Brazil nodded. “At least it’s calm right now, and we’re in very deep water here with no shoals or reefs. I can pretty well lock the wheel down and the both of us can look for something to use. Otherwise we’ll have to just drift through the day or find some shallows and anchor. Might not be a bad idea to do that, anyway. I can use some decent rest, and I get the bad feeling that there isn’t a night in this land that isn’t filled with thunder and lightning.”

Gus looked out at the darkening horizon. “I’m not too thrilled to look forward to that experience, considerin’ the storm we started with, but I’m just as worried at what I see out there.” A tiny finger gestured to the northeast, and Bra­zil’s gaze followed it.

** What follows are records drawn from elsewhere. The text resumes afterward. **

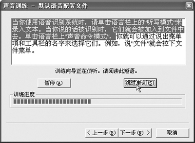 麥克風(fēng)設(shè)置完成以后,系統(tǒng)會(huì)進(jìn)行語(yǔ)音識(shí)別的訓(xùn)練。首先要求您確認(rèn)一些聲音基本信息,接著點(diǎn)擊“下一步”,系統(tǒng)給出一個(gè)例句,您可以點(diǎn)擊“示例”按鈕聽(tīng)一聽(tīng)?wèi)?yīng)該如何朗讀這樣的句子。之后,再次點(diǎn)擊“下一步”就可以開(kāi)始語(yǔ)音訓(xùn)練了。
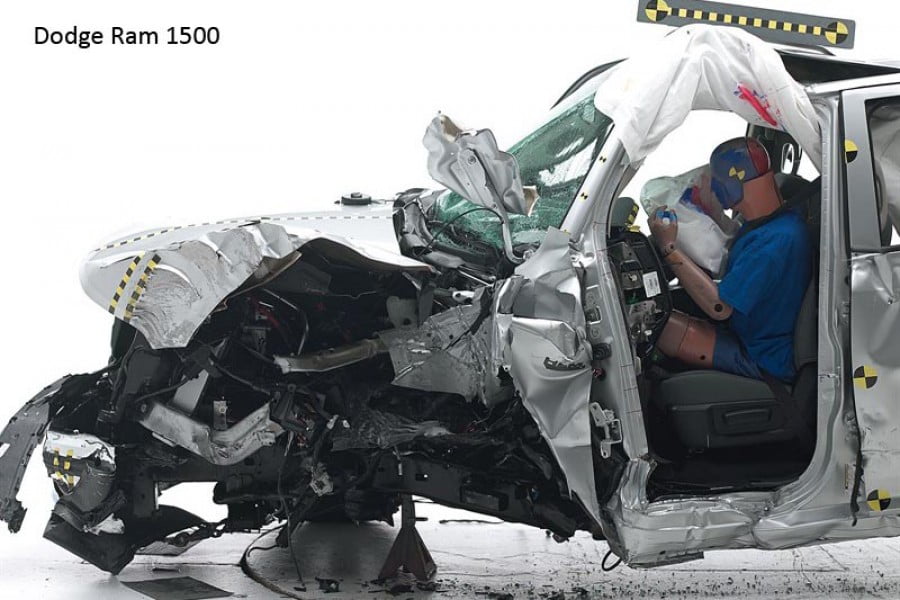 To δημοφιλέστερο όχημα στις Η.Π.Α., το Ford F-150 ήταν αυτό που έλαβε την αξιολόγηση Top Safety Pick, ενώ στο αντίθετο άκρο τοποθετήθηκε το Dodge Ram 1500, τόσο με τη διπλή καμπίνα όσο και με την πιο κοντή. Ο οδηγός του Dodge σφήνωσε, αφού ο ζωτικός του χώρος μειώθηκε μέχρι 43 εκατοστά. Μέτρια ήταν τα συνολικά αποτελέσματα και για τα pick-up μοντέλα Toyota Tundra και GMC Sierra, όπως μπορείτε να δείτε πιο αναλυτικά στον παρακάτω πίνακα και στα βίντεο.
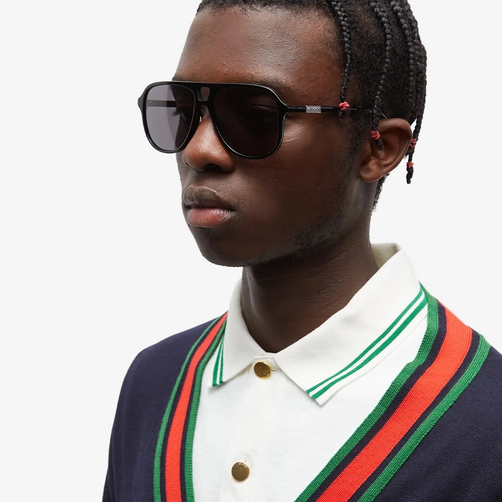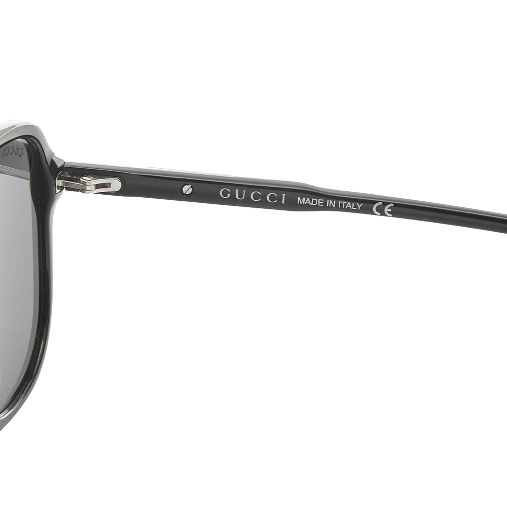 Timeless and classic, just as Gucci Eyewear likes it, these classic black sunglasses are crafted from smooth acetate and styled in a rounded-aviator shape for a classic touch. Fitted with a tinted lens, the pair are complete with silver branding at either arm for a luxe finish.
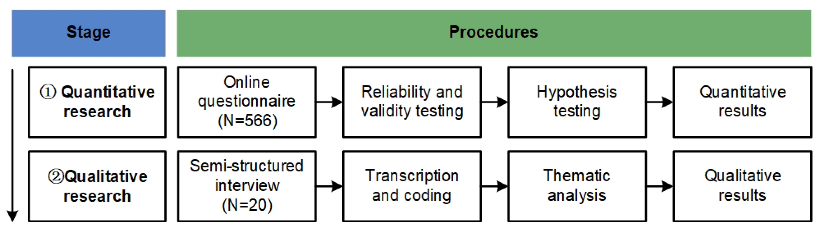 To empirically test the proposed model and answer our research questions, this study adopted an explanatory sequential mixed-methods design [35]. This approach is particularly well-suited for our objectives, as it allows for a comprehensive investigation wherein quantitative findings provide a broad overview of the relationships between variables, and subsequent qualitative data offer deep, contextualized explanations for those statistical results [36]. The research was structured in two distinct phases: first, a large-scale quantitative survey was conducted to validate the structural model; second, semi-structured interviews were carried out with a subset of survey participants to elaborate on and interpret the quantitative findings. The overall research procedure is illustrated in Figure 3.
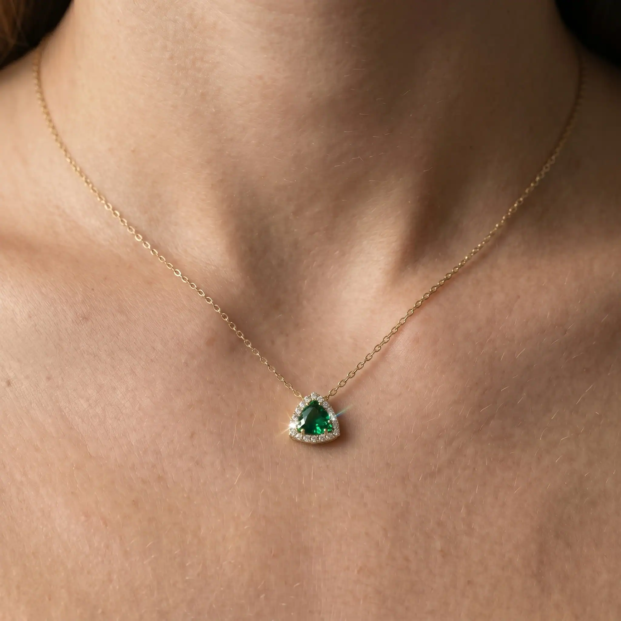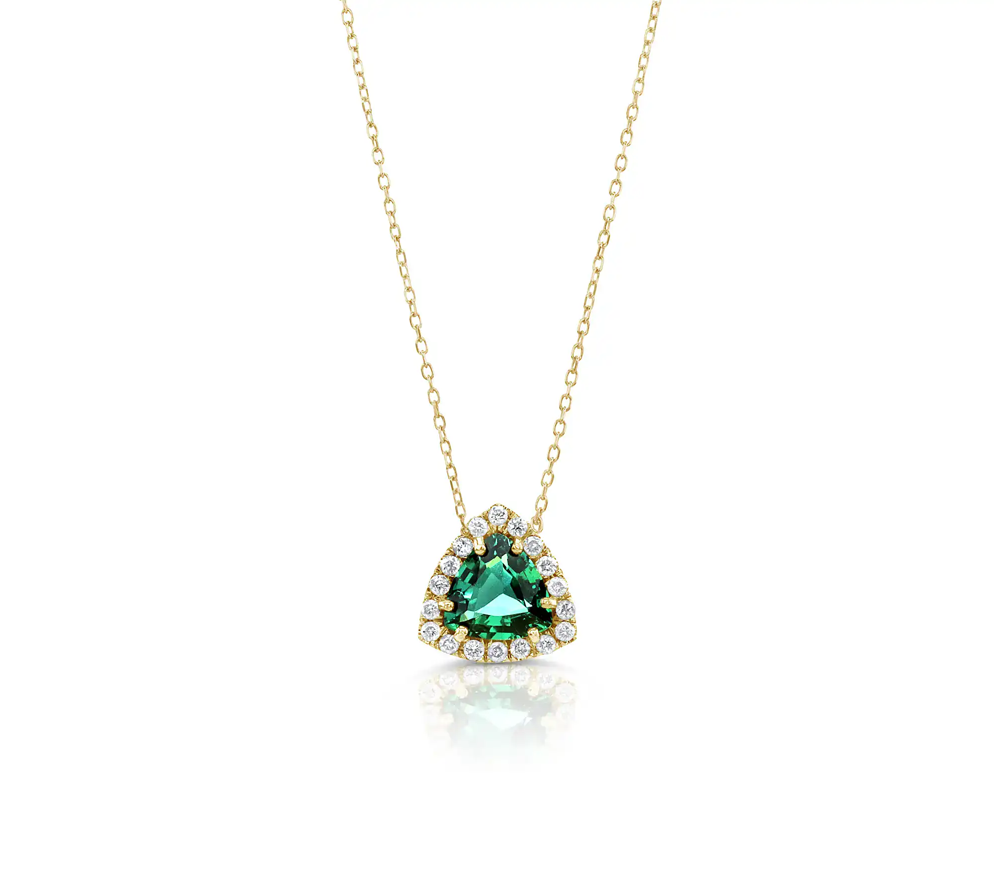 תליון משולש אמרלד, זהב 14K לבן צהוב או ורוד ,משובצת אבן חן אמרלד במרכז ויהלומי צד במשקל כולל של 0.15 נקודות. כולל שרשרת.
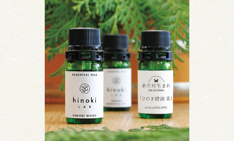 岡山ひのきから抽出した、葉・枝葉・木の精油(「新庄村生まれOKAYAMAひのき精油 葉」「hinoki LABひのき精油 枝葉」「hinoki LABひのき精油 木」)、3種の香りの違いを体感し、お好みの香りにブレンドして、オリジナルの香りのオーナメントを作りましょう。森の香りで癒しのひとときを、また贈り物にもおすすめです。
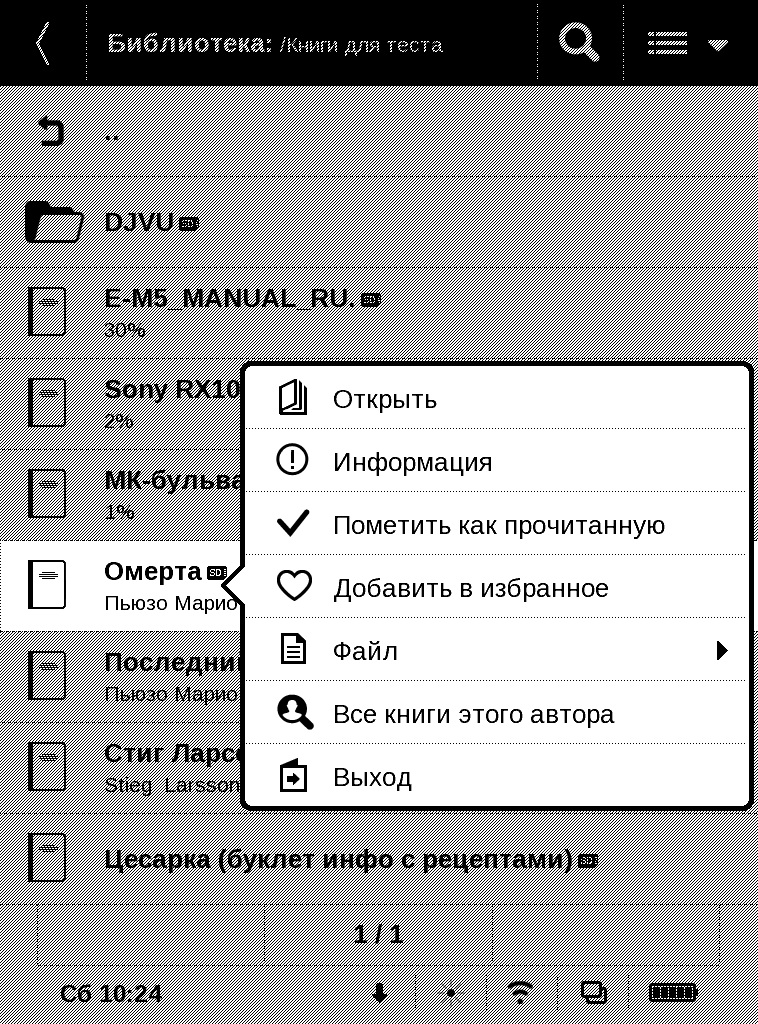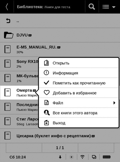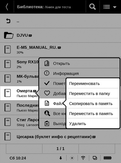 При длинном касании на конкретной книге появляется интерактивное меню.
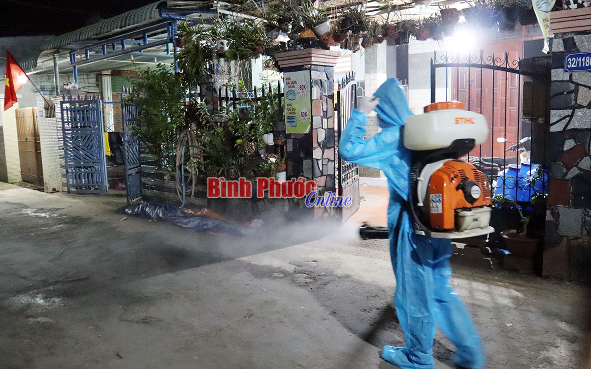 Trung tâm y tế thành phố Đồng Xoài phun khử khuẩn tại nhà 2 trường hợp trên tại phường Tân Đồng
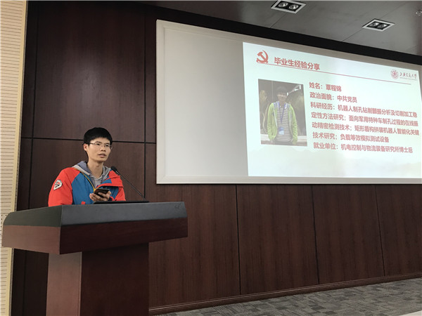 制造所研究生党支部、机器人所研究生党支部、机电所研究生党支部、制冷所研究生党支部、发动机所研究生党支部、车身所硕士生党支部、汽车电子所研究生党支部、工业工程与管理系研究生党支部、内燃机所研究生党支部、热能工程所研究生党支部等支部纷纷开展毕业生成长感悟及经验交流分享会。有的毕业生介绍了自己在交大学习、科研、生活的感悟,分享自己求学、求职的心路历程;有的毕业生从生涯规划、论文撰写与投稿等方面为学弟学妹们做了经验分享和具体辅导。他们纷纷表示,有自开阔的视野,尽早找到自己的方向,并关注行业发展。要提前做好适合自己的职业规划,做充足准备,注意培养学习能力和沟通能力,在面临选择时不要迷茫;在科研工作中,从内容、方法、问题和应用四个方面提升科研能力;要认准自己未来的发展方向,将来无论在什么岗位上,都要做到敢于担当,肩负起自己的责任,并把个人价值的实现和国家战略需求结合起来,养成投身国家重点行业的家国情怀。

“Well,” the captain said with a sigh, “we couldn’t ex­actly expect to travel even an ocean without company.” He fumbled and came up with the binoculars from his pack and examined the horizon more closely. “Looks like all commercial traffic, anyway, just from the look of the sails. All heading pretty much the same way, too.”

He made an estimate of the common heading of the three sets of sails still far off on the northeastern horizon and looked at the charts. “There,” he said finally, pointing to a dot on the map with his finger. “Five will get you ten that they’re all making for that island.” He looked up at the sail. “Not much of a wind, but they should make it in, oh, two hours, I’d say. Maybe less if the wind picks up like I expect once things start to cool—and I say that in a relative sense. They cut it close, but they should be in the harbor there be­fore any big blow comes up.”